We cannot assume that diagnostic categories and treatment effects will ever reach absolute certainty. Rather, EBM gives us a tool to understand that research and diagnostics are always prone to type I and type II errors. With EBM we are guided to compare beneficial effects with unwanted side effects. It enables us to evaluate diagnostic accuracy and estimate the risks of under- and over-diagnosis depending upon the prevalence of diseases. We are also able to assess the uncertainty in prediction, and thereby understand that science is prone to bias and conflicts between external and internal validity.

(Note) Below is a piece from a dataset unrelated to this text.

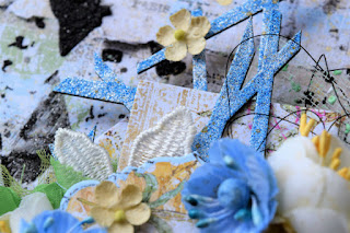 Having prepared all the pieces I postioned them on the page where I wanted them and layered everything. Adding embellishments and Blue Fern Studios flowers Spring Florals and Garden Blooms. As finishing touches I splattered a variety of mists.

In the clinical encounter, EBM is applied in order to examine three different perspectives: (1) the experiences, values, and preferences of the patients; (2) the context for the encounter and the doctor's experiences; and (3) the best available external evidence. When the former two perspectives are suppressed and external evidence is applied without reference to the context, personal circumstances, or professional appraisal, it is no longer evidence based but algorithm driven. Neither should external evidence be confused with epidemiological knowledge. When the questions are why? and how?, qualitative and phenomenological studies will constitute the best available evidence.[13] Used with critical consideration EBM is not a context-denying perspective that makes subjective experiences irrelevant.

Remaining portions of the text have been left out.